Newly-installed Chief Executive David Calhoun, who took the reins this month to stabilize the situation, pledged to turn the company around even as Boeing disclosed $9.2 billion in new costs connected to the Max.
Some analysts had expected new costs twice as high, and despite the hefty charges, Boeing shares rallied early Wednesday in pre-market.
The Max has been grounded since March following two crashes that killed 346 people, which opened the doors to intense scrutiny of Boeing's safety practices – and regulatory oversight of its productions – as well bruising congressional investigations which have revealed a troublesome culture at the aviation giant.
"We are committed to transparency and excellence in everything we do," Calhoun said in a statement," adding, "Safety will underwrite every decision, every action and every step we take as we move forward."
Calhoun has been at the helm of Boeing only since Jan. 13 after Dennis Muilenburg was ousted in December following criticism of his handling of the crisis, and immediately after a damning series of internal communications were released. Calhoun is targeting mid-2020 to win approval from aviation regulators to resume flights on the Max, which is seen as a more realistic timeframe after Muilenburg repeatedly pushed a more optimistic schedule.
The grounding of the Max dented Boeing's earnings in multiple ways, halting deliveries of new planes to customers, a major source of revenues. Boeing revenues in the fourth quarter plunged 36.8% to $17.9 billion, while revenues for all of 2019 dropped 24.3% to $76.6 billion. The crisis also prompted the manufacturer to first reduce and then halt production of the Max until the crisis is resolved.

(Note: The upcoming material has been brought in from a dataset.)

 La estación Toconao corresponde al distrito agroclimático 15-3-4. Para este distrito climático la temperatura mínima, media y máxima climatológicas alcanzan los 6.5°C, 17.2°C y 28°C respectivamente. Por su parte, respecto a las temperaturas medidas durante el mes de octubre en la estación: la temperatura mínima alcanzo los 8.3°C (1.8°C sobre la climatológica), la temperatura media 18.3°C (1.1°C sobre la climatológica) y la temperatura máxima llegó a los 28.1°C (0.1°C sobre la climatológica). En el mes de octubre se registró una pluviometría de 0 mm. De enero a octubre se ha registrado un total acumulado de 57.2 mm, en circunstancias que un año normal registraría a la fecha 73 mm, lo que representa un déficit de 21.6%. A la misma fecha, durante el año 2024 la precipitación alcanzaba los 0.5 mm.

Boeing said Wednesday the changes in the production schedule added $2.6 billion in costs connected to airplane deliveries, plus another $4 billion in "abnormal production costs" primarily in 2020 associated with the suspension of the Max and a "gradual resumption" of production.

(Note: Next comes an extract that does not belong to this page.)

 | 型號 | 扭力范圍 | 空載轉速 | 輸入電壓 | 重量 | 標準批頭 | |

The company set aside $2.6 billion to compensate airlines that have been forced to cancel thousands of flights due to grounded Max planes and undelivered aircraft. The Max crisis also has weighed on numerous suppliers, such as Spirit AeroSystems, which announced earlier this month that it would lay off 2,800 employees in Kansas due to the production stoppage.
General Electric, which builds engines for the Max, said the crisis lowered cash flow by $1.4 billion for 2019.
Boeing also announced that it would again cut back the production of the 787 Dreamliner, a top-selling plane that has supported revenues during the protracted 737 Max grounding. The aerospace giant plans to cut production to 10 airplanes a month in early 2021 through 2023 based on the "near-term market outlook."
The company in October had dropped to 12 a month from 14 due to lower orders from China. Boeing's shares rose 2.4% to $324.25 in pre-market trading.